GIVEN INFORMATION —

=-=-=-=-=

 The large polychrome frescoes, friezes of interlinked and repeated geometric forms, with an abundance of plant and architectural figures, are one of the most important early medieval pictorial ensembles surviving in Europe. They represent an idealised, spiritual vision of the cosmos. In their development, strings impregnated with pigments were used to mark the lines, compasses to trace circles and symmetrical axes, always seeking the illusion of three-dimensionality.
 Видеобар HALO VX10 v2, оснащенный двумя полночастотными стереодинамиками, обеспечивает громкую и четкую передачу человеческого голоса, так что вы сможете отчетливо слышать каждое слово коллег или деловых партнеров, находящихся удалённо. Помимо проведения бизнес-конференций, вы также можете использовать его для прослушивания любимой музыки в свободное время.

=-=-=-=-=

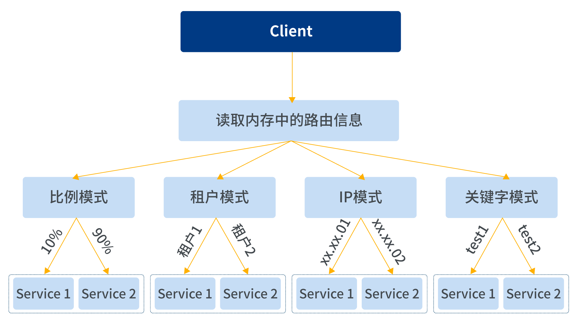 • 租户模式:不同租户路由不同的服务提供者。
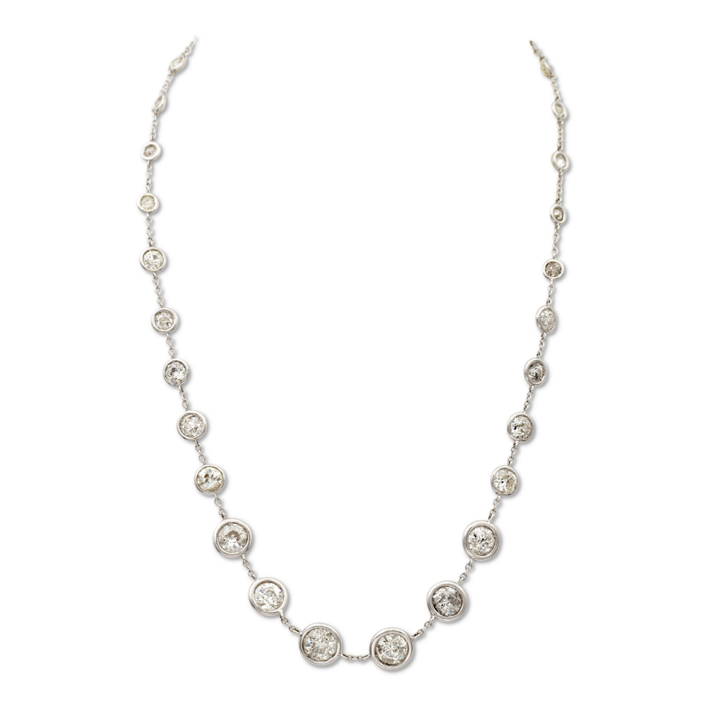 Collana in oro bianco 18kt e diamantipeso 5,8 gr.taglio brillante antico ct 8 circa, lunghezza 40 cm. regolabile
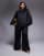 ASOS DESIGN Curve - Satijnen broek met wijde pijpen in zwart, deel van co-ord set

=-=-=-=-=

WORK TO COMPLETE — In the listing above, find the line containing "Collana in oro" and the line containing "ASOS DESIGN Curve", then output those two lines and everything between them exactly as written, without the images.

OUTPUT BELOW —
 Collana in oro bianco 18kt e diamantipeso 5,8 gr.taglio brillante antico ct 8 circa, lunghezza 40 cm. regolabile
 ASOS DESIGN Curve - Satijnen broek met wijde pijpen in zwart, deel van co-ord set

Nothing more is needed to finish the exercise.